Data for this exercise Start Marker
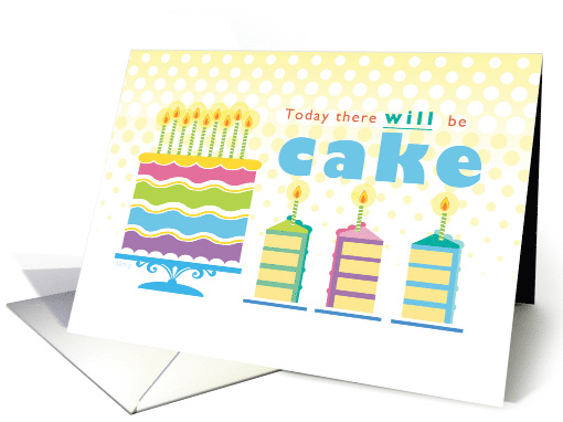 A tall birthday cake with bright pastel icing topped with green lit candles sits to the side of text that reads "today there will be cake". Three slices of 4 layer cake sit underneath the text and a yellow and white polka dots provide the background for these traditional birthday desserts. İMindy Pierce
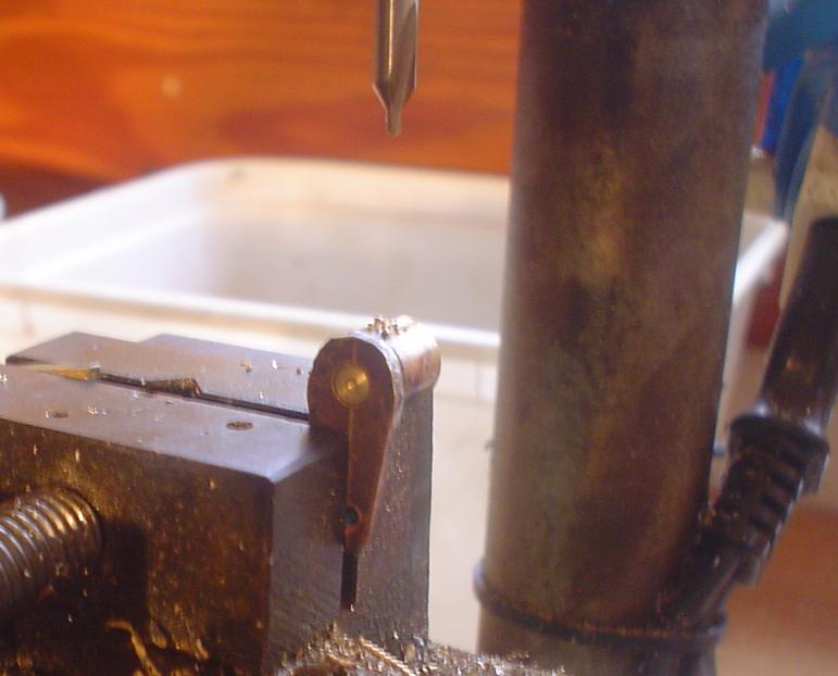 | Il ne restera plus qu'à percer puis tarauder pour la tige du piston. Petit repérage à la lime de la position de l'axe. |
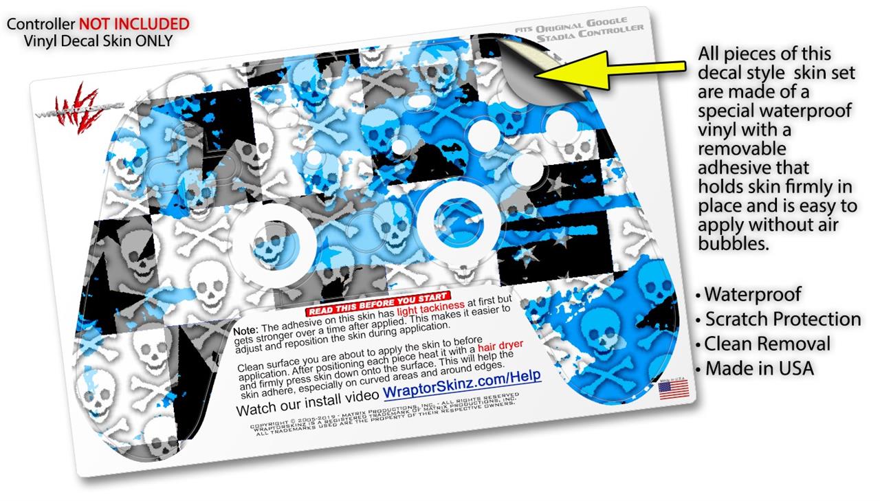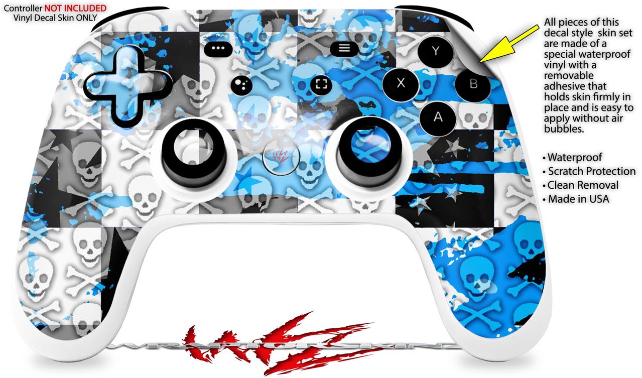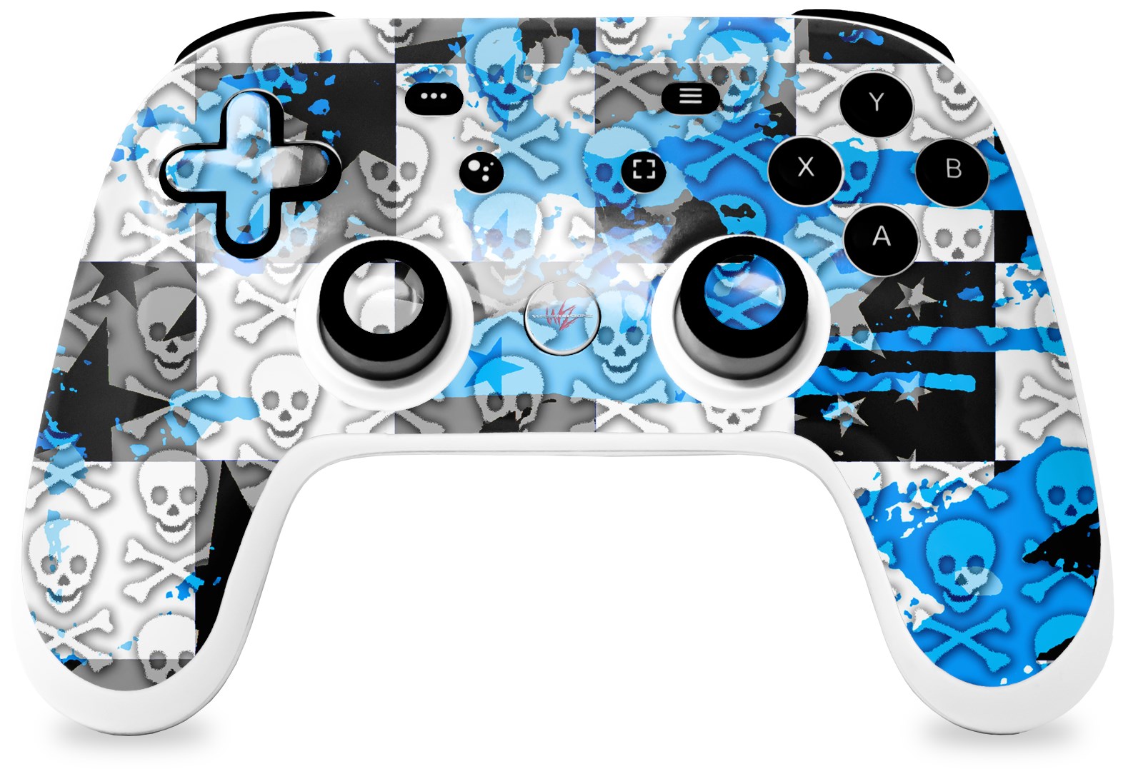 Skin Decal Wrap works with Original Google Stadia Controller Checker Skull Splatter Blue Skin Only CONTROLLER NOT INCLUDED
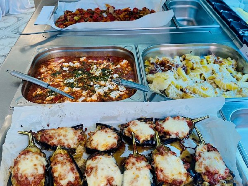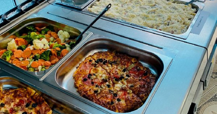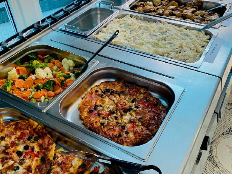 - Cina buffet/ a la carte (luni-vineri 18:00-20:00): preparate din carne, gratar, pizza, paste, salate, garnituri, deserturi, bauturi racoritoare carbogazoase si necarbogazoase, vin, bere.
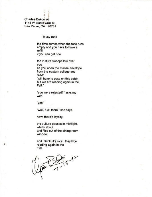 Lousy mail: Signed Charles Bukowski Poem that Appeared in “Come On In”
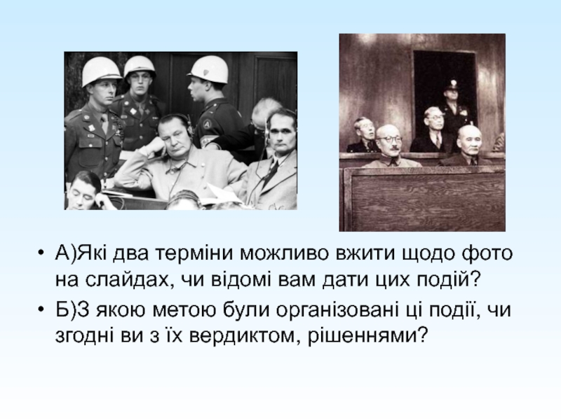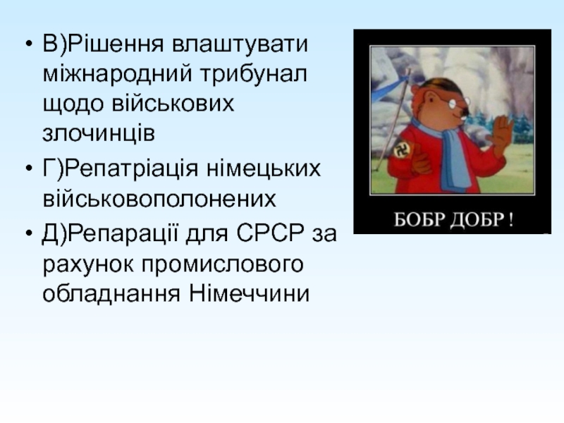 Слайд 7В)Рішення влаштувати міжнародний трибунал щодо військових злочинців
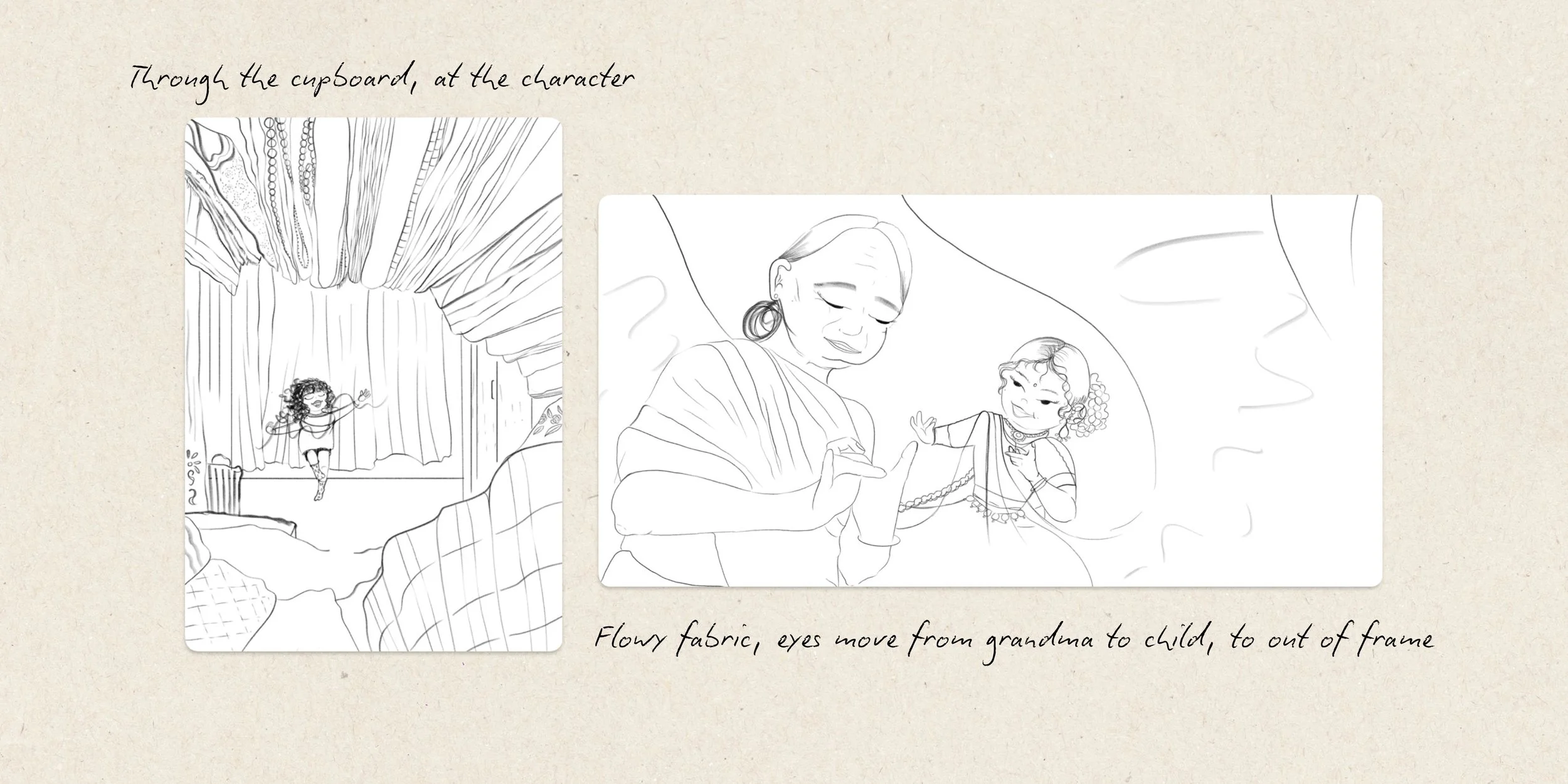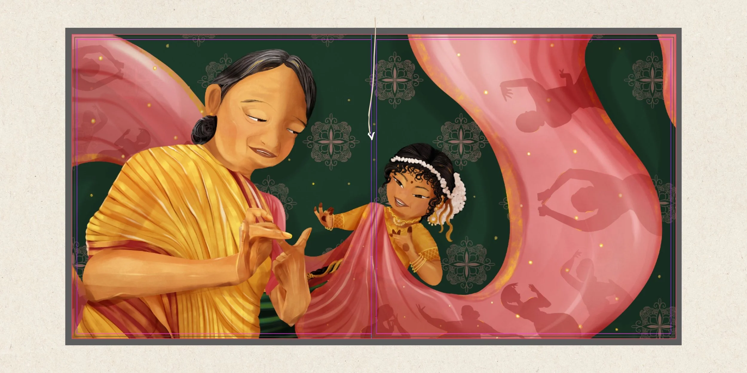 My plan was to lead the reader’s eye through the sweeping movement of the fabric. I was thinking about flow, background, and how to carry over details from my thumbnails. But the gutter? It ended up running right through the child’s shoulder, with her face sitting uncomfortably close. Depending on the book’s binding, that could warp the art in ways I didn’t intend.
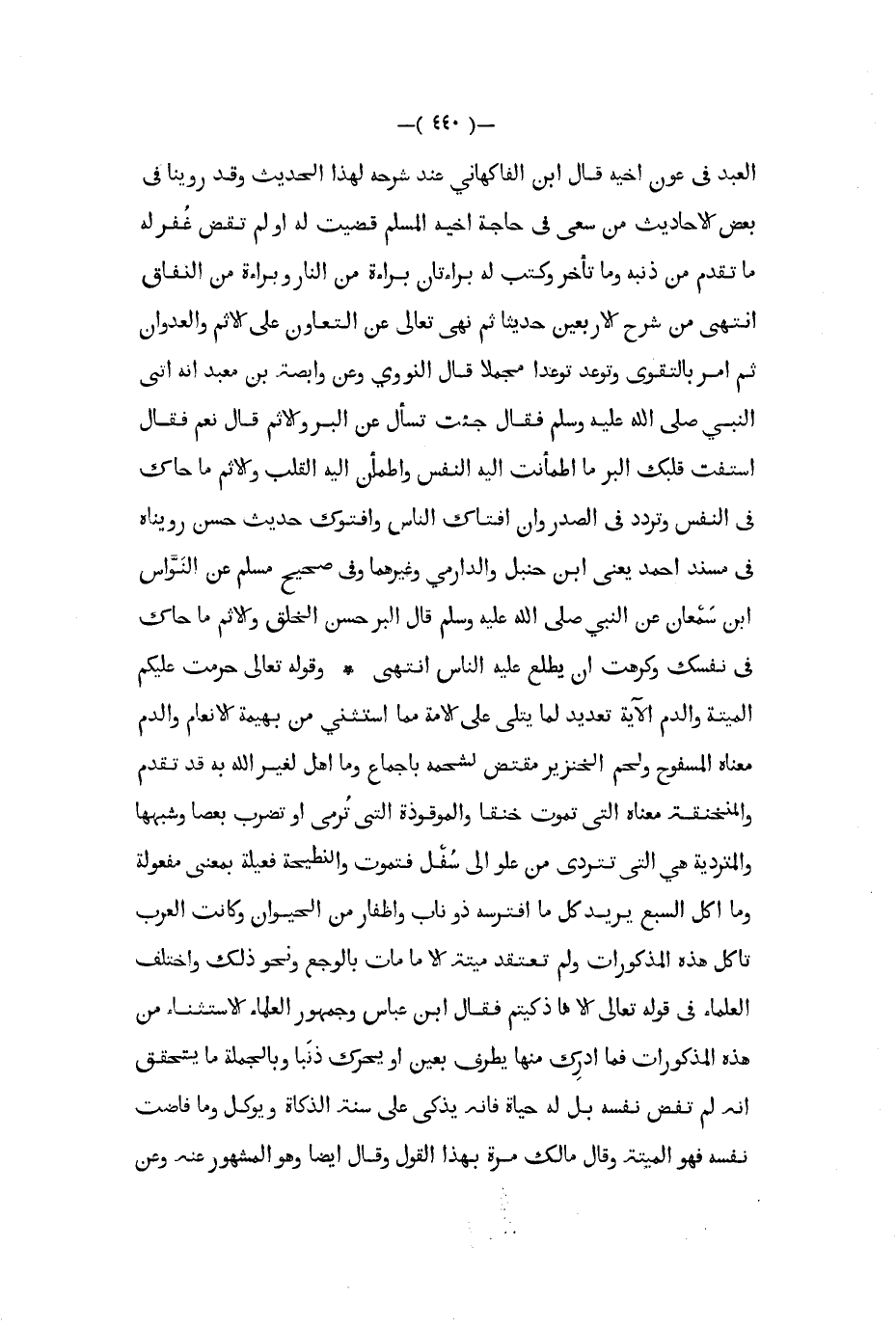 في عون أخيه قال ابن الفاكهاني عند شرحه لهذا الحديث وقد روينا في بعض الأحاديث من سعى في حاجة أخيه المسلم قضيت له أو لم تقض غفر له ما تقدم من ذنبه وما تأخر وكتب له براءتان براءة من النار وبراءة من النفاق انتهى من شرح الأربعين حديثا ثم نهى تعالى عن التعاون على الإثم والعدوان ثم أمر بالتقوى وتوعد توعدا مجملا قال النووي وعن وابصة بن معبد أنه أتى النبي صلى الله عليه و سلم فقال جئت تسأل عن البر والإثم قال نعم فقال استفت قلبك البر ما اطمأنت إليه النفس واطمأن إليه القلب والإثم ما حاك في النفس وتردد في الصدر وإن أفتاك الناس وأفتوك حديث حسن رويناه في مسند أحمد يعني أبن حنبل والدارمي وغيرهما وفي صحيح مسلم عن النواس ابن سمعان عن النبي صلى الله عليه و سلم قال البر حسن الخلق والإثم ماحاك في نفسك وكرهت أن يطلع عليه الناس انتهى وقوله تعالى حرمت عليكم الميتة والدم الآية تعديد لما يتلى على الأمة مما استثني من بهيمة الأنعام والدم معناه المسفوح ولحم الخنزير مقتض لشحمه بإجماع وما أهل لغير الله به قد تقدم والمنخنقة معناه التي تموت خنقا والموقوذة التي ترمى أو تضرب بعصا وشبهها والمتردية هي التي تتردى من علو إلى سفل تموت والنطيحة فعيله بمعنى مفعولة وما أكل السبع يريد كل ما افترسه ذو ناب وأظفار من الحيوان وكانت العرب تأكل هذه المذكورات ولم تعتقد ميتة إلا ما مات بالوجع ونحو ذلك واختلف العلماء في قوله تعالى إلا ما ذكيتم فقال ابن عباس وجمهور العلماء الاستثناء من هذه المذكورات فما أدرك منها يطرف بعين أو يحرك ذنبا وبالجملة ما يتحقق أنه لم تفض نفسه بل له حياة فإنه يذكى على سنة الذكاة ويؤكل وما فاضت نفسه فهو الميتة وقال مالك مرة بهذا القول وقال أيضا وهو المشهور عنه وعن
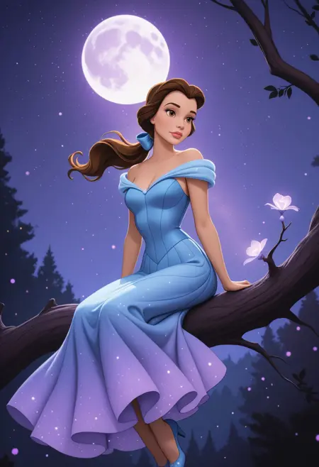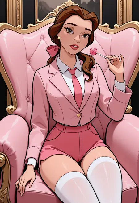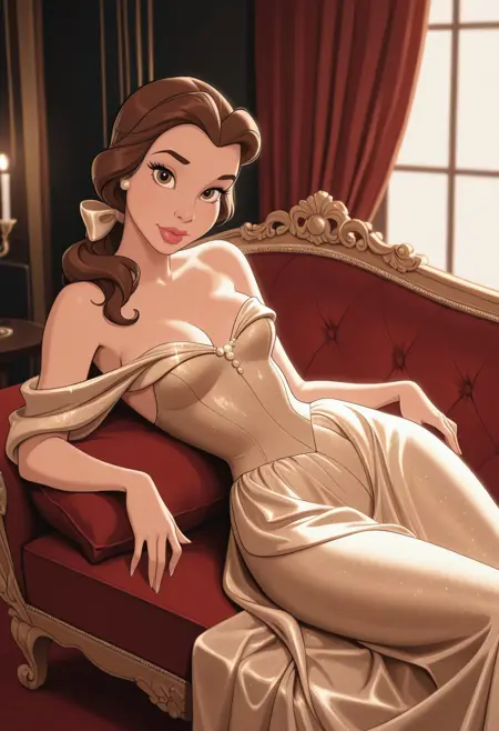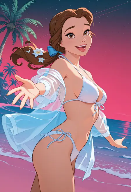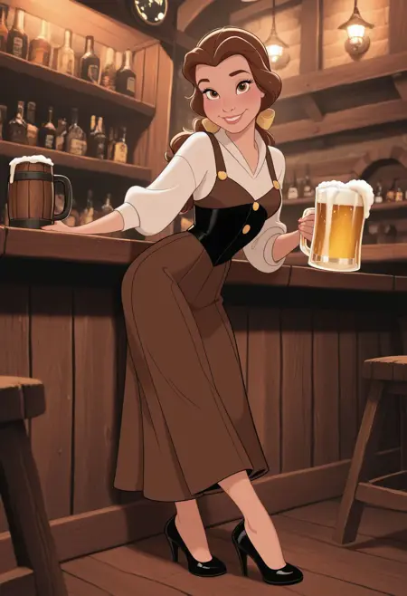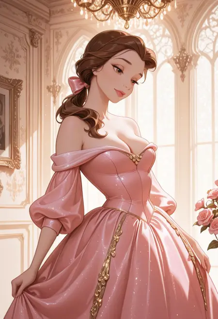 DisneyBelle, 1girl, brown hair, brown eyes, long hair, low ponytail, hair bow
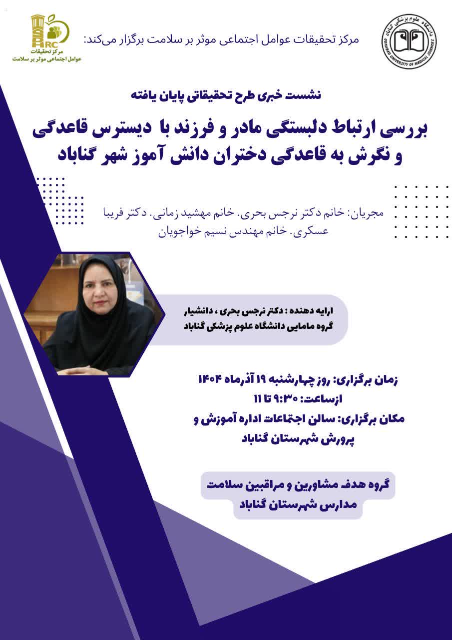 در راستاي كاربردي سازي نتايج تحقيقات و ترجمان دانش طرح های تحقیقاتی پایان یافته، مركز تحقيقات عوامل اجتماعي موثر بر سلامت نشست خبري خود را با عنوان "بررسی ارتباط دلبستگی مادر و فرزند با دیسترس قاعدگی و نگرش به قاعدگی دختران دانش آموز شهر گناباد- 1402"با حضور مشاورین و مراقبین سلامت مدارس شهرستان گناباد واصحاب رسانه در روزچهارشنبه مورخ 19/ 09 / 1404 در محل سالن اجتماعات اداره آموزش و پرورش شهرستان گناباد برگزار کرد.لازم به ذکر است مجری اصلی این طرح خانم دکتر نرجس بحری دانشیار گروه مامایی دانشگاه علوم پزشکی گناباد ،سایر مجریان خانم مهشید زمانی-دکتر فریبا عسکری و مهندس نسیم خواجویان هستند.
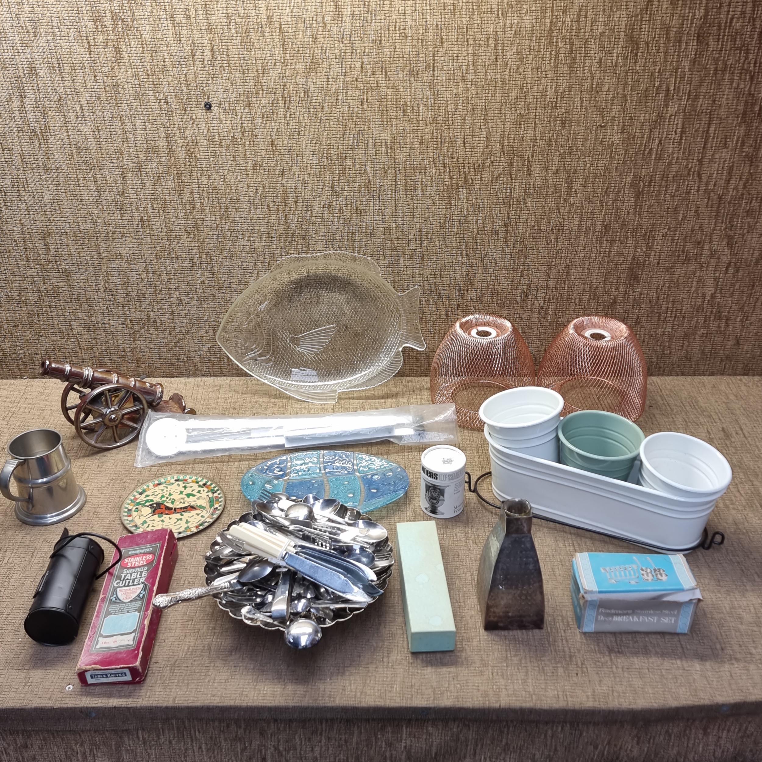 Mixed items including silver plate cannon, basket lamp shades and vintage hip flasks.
Data for this exercise End Marker
Work to be completed
Using the data above, return the lines from the one holding "- Cina buffet/" through the one holding "Слайд 7В)Рішення влаштувати" exactly, but not the pictures.

Task response
 - Cina buffet/ a la carte (luni-vineri 18:00-20:00): preparate din carne, gratar, pizza, paste, salate, garnituri, deserturi, bauturi racoritoare carbogazoase si necarbogazoase, vin, bere.
 Lousy mail: Signed Charles Bukowski Poem that Appeared in “Come On In”
 Слайд 7В)Рішення влаштувати міжнародний трибунал щодо військових злочинців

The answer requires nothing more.